I assume the USSC is arguing that for the purposes of computing a "standard range sentence" that it is including relevant conduct, chapter 2 enhancements, and also chapt 3 adjustments. But what blakely calls into doubt is simply only the chapter 5 upward adjustments, as they are not usually including in computing standard range sentences and don't have "set point" increases such as role adjustments, obstruction adjustments, etc......
I personally hope this view is wrong, because I think that ALL facts which increase a defendants sentence, if not admitted, should be submitted to a jury, but we will see.
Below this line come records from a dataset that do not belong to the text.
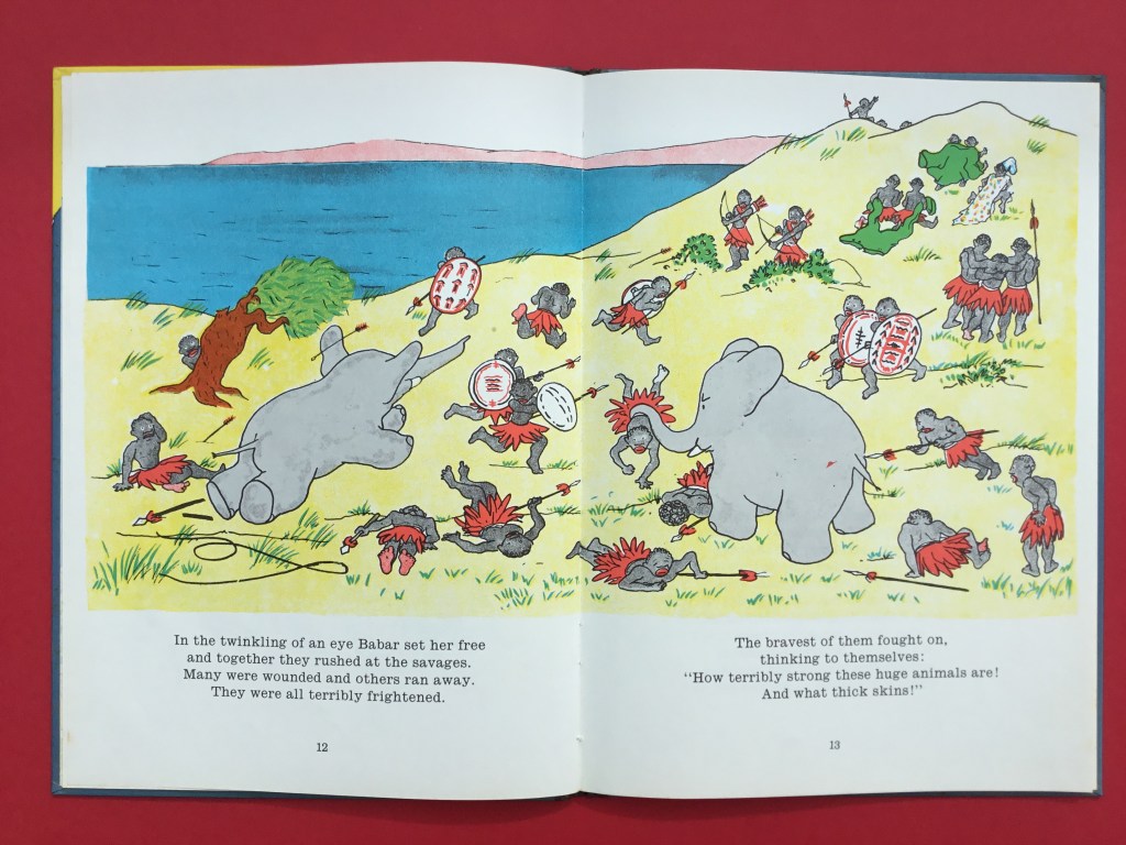 De Brunhoff shows us that his elephant society is rooted in violence and the erasure of existing cultures. Whilst not intentionally racist, these scenes make an otherwise beautiful book a deeply uncomfortable read
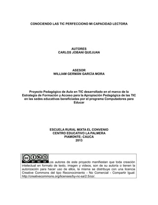 Este documento describe un proyecto de aula desarrollado en la Escuela Rural Mixta El Convenio en Piamonte, Cauca, Colombia. El proyecto buscaba mejorar la comprensión lectora de los estudiantes de tercer grado utilizando herramientas TIC. Incluía actividades como crear cuentos y fabulas usando programas como Edilim, desarrollar presentaciones en PowerPoint sobre hábitos de lectura, y realizar seguimiento del progreso a través de escritos en Word. El proyecto logró motivar a
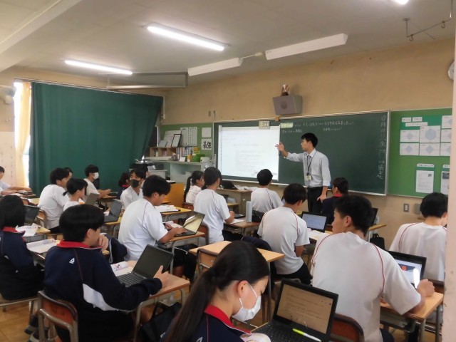 あいさつ運動を終えて、本日、校内授業研究会の2回目を実施いたしました。「自ら課題を見つけ、その解決に向けて主体的に働きかけ、学びを深めることができる生徒の育成」を目指して、ここまでに取り組んできた成果を、来校していただいた方達に見ていただくことができました。そこでいただきましたご意見を今後の改善に活かして、生徒達がより一層主体的に活動していくことができる授業を研究し続けていきたいと思います。今後も何卒よろしくお願いいたします。
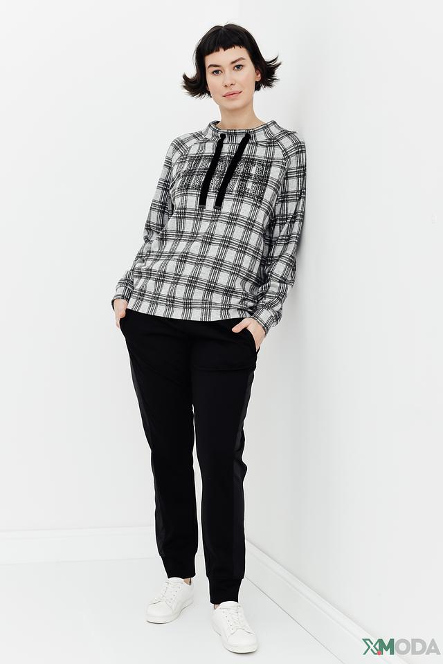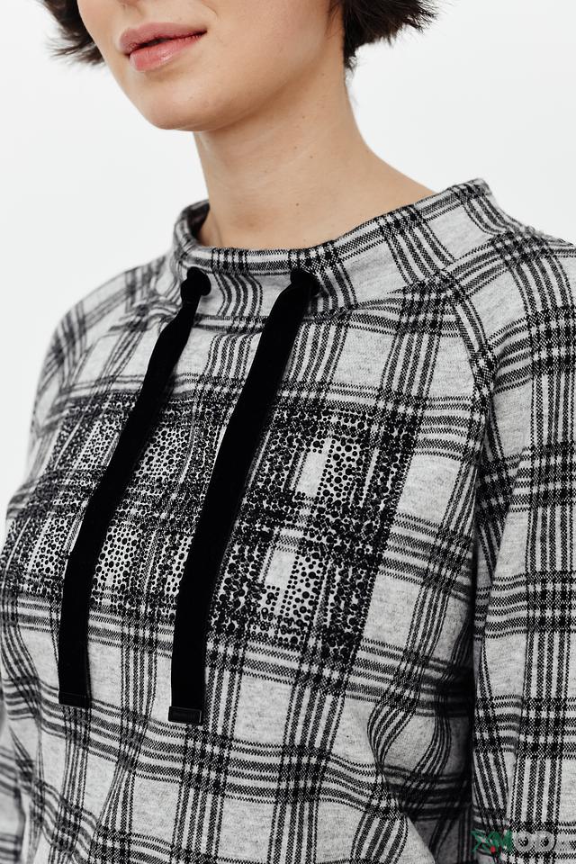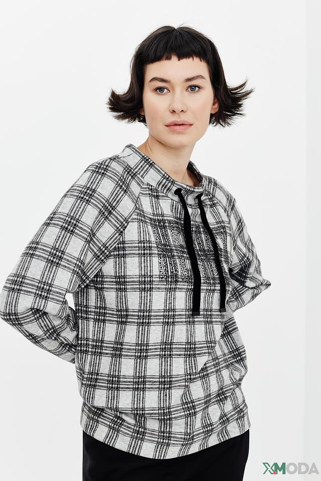 Стильный пуловер Monari серого цвета с клетчатым принтом и декоративными шнурками на горловине. Модель выполнена из мягкого и приятного к телу сочетания полиэстера, вискозы и эластана, обеспечивающего комфорт и свободу движений. Состав: полиэстер 68%, вискоза 29%, эластан 3%

Posted by: Nick Hanson | Jul 21, 2004 2:50:11 PM
First, Castillo's use of "departures" is odd. Can't tell if he's just being sloppy and the word includes every adjustment, enhancement, or the like or if he's deluded himself into thinking Blakely applies only to true "departures," not other upward adjustments.
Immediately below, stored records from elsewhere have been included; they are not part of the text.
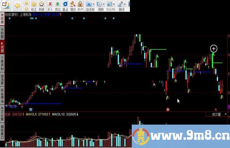 DRAWTEXT(VAR9,H*1.007,'九'),COLOR00FF00; DRAWTEXT(VAR10,L*0.993,'六'),COLOR00FFFF; VAR13:=ZIG(3,15.88)REF(ZIG(3,15.88),2); VAR14:=ZIG(3,15.88)>REF(ZIG(3,15.88),1) AND REF(ZIG(3,15.88),1)
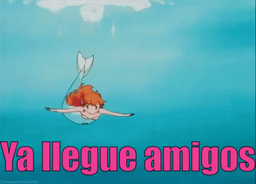 Misty from Pokémon, as a mermaid, joyfully swims underwater with Horsea, exclaiming 'I've arrived friends!'
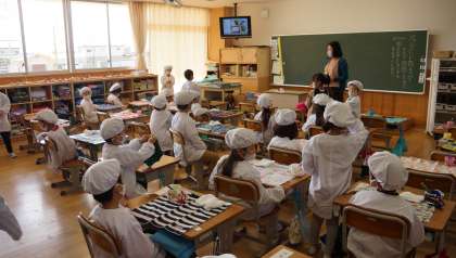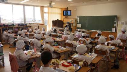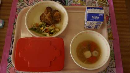 今日の給食の様子です。1年生の様子です。十三夜の給食について,栄養教諭の根本先生から校内テレビ放送がありました。
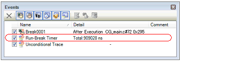 It is interpreted as if a break event (Hardware Break or Software Break) has been set at the target address, and it is managed in the Events panel (see "2.19 Manage Events" for details).
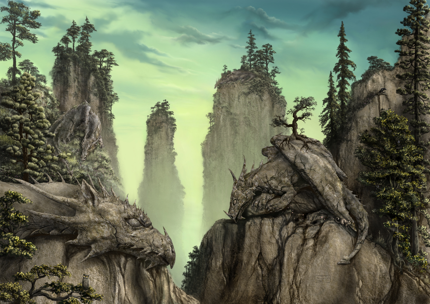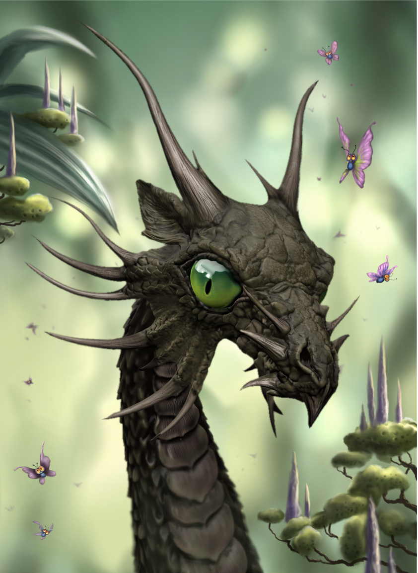Hier noch einige weitere Mitglieder meines Zoos:Die steinernen Drachen sind mit Sculptris entstanden, der Rest ist Gimp. Es war gar nicht so leicht, das Ganze so einzubauen, das es wie ein homogenes, gemaltes Bild wirkt, und nicht wie eine Collage. ich glaube es ist mir einigermassen gelungen. Es hat etwas länger gedauert, als wenn ich alles mit Gimp gemalt hätte, aber dafür hat es noch mehr Spaß gemacht.
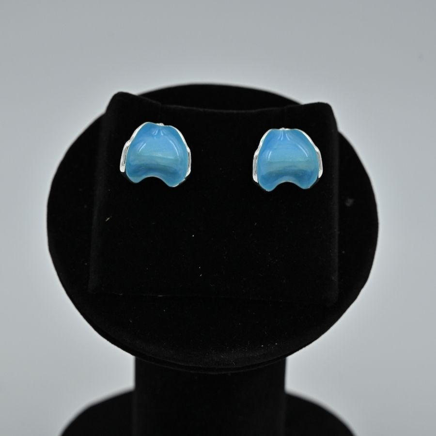 Blue Enamel Heart Stud Earrings. A playful, colorful take on classic heart studs popular in fashion jewelry.

Second, he may mean something that makes sense. If what he means is that only about a fifth of cases involve an upward adjustment that is actually contested as a factual matter, thus forcing a judicial fact-finding, he could well be right. He might even be over-estimating the impact. A vast segment of the criminal docket involves cases in which there are few enhancements, and those are seldom contested. I think of illegal reentry and simple drug cases, postal thefts, and the bulk of similar federal criminal work. Really, once the dust settles, and it's confirmed that Blakely applies to the Guidelines, there won't be that much to fight about.
There is a view, which I, as a long-time criminal appellate practicioner, share, that we can muddle along pretty well (once the government starts indicting for guidelines factors) until the best adjustment to accommodate Blakely and the guidelines is chosen.
Posted by: David in NY | Jul 21, 2004 3:01:05 PM
And I see on closer reading of the comments that the district court above shares my view about Blakely's impact, in part.
Posted by: David in NY | Jul 21, 2004 3:07:08 PM
The disagreement on this point may reflect uncertainty over what a "fact" is for the purposes of applying the Blakely rule. Many Guidelines provisions call for "mixed" determinations (as the pre-Blakely case law on the standard of review that should apply to appication of the provisions suggests).